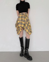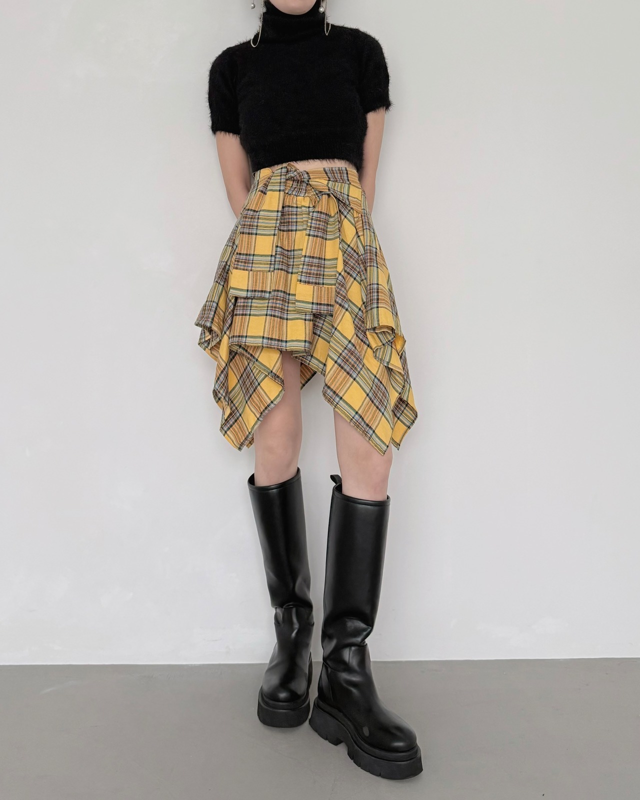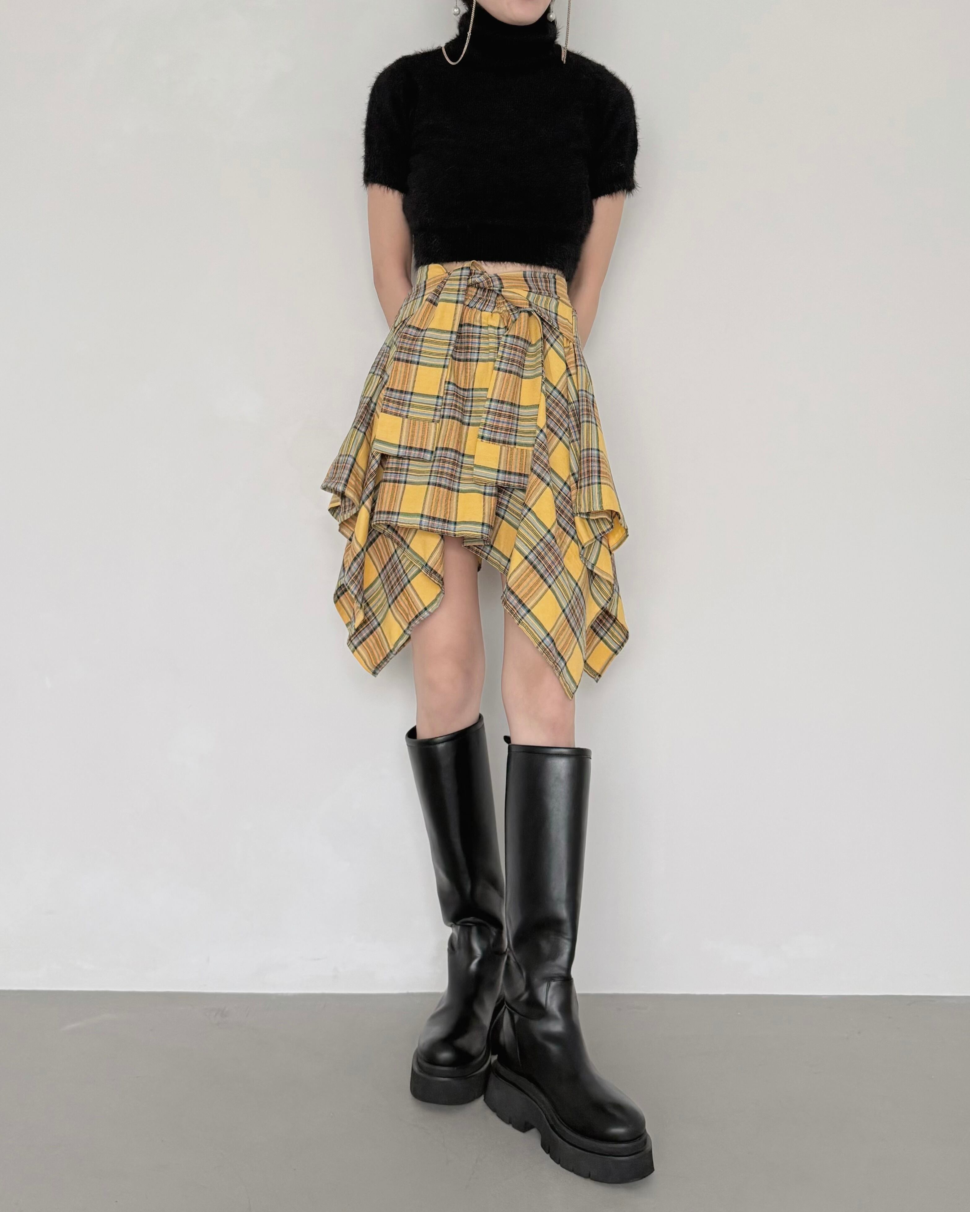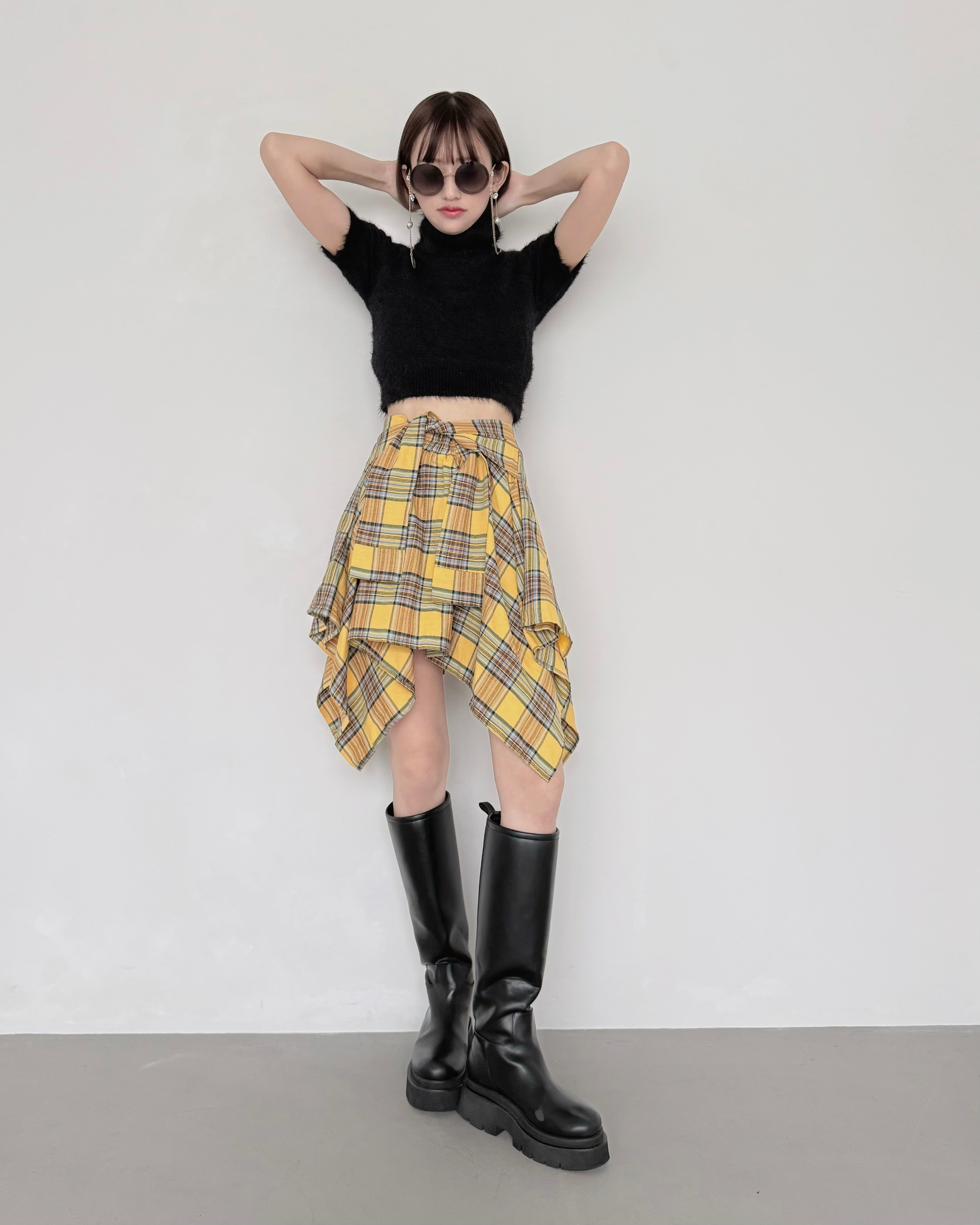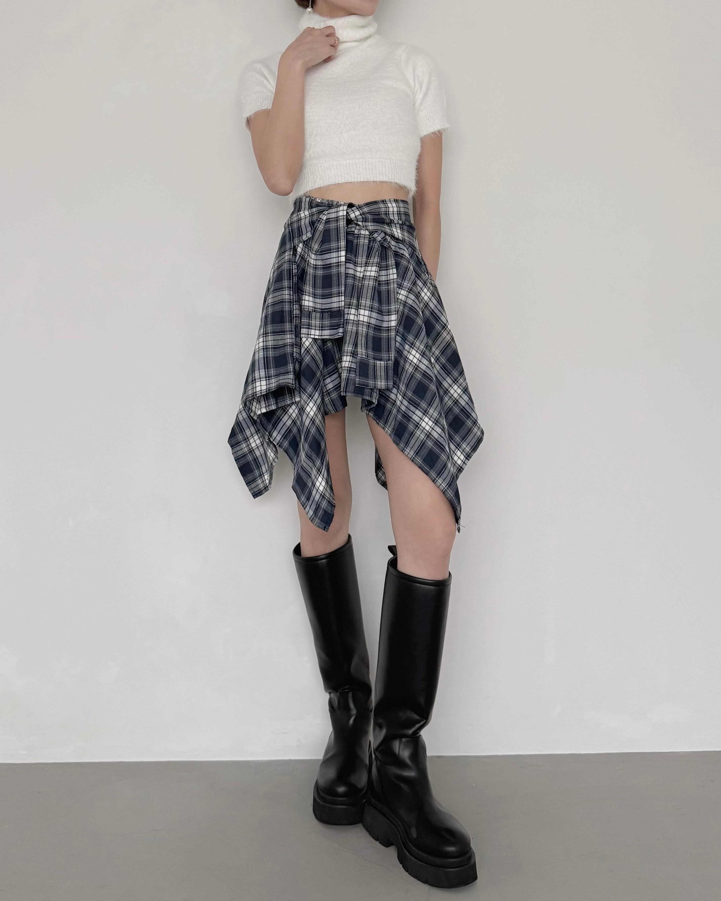 ハイウエストのボトムやボリュームスカートとのスタイリングで、都会的な雰囲気に。
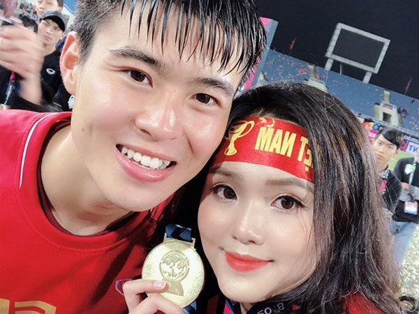 Trang 1Duy Mạnh, Huy Hùng ôm hôn và tặng huy chương vàng cho bạn gái
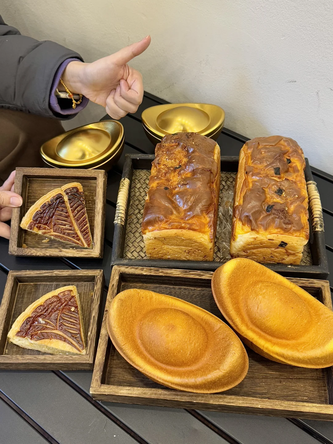唯一让我念念不忘的小店!每次去都要打包一大袋子! 富贵金元宝~咬开后松软香甜的内陷好好吃🤤猪肉脯吐司🍞口感松软但干爽不油腻!肉松有嚼劲! 国王饼!表面焦糖的外皮,咬开是馥香甜的馅料,吃起来还有层层分明的黄油香气!
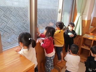 新聞紙を濡らして窓ふきをしましたよ♪
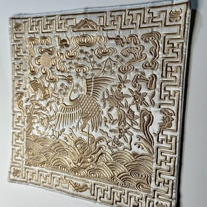 Silk Chinese Embroidery Placemat Dragon Gold White Beige Pattern 10”x6”
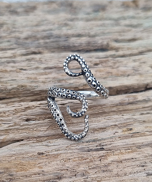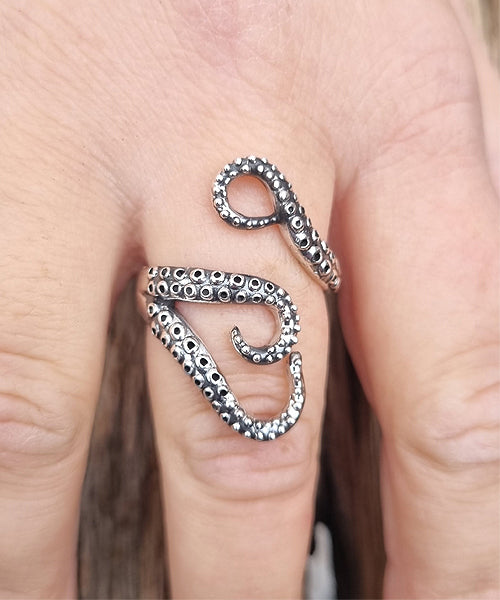 ¡Este anillo de pulpo es el "punto de atracción" en absoluto! Es particularmente hermoso y estable y hemos ennegrecido un poco el anillo para enfatizar los detalles. El anillo está disponible en los tamaños 58 y 60 y, por lo general, se ajusta al dedo medio. También tenemos colgantes a juego en nuestra gama Tamaño: 47 mm de alto, 23 mm de ancho Material: plata de ley 925
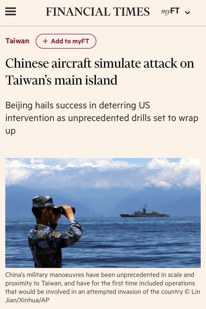 Maybe I’m missing something, but these simulations seem like an intelligence goldmine for the U.S., Taiwan, and allies. This whole impetuous outburst seems strategically very disadvantageous to China. https://t.co/W4eF7mPtav
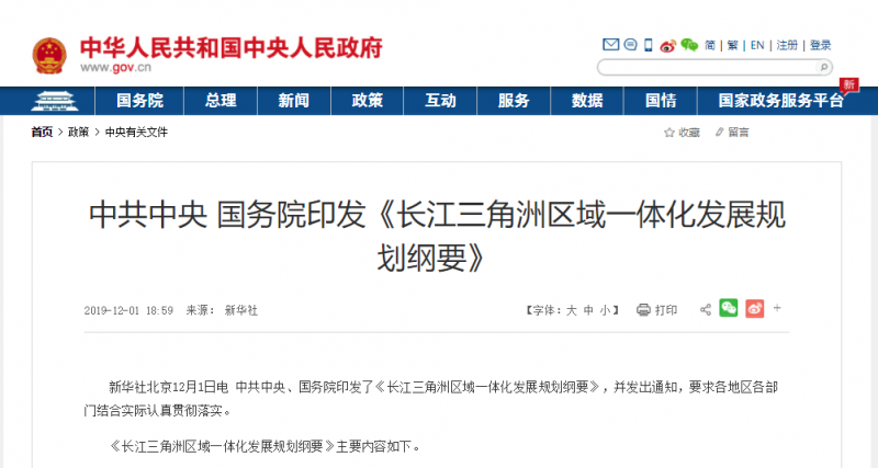 12月1日,中共中央、國務院印發了《長江三角洲區域一體化發展規劃綱要》。

···

Nothing but the lines from the one containing "Maybe I’m missing" through the final line of the entries above should be given again, each exactly as written; omit the pictures.

 Maybe I’m missing something, but these simulations seem like an intelligence goldmine for the U.S., Taiwan, and allies. This whole impetuous outburst seems strategically very disadvantageous to China. https://t.co/W4eF7mPtav
 12月1日,中共中央、國務院印發了《長江三角洲區域一體化發展規劃綱要》。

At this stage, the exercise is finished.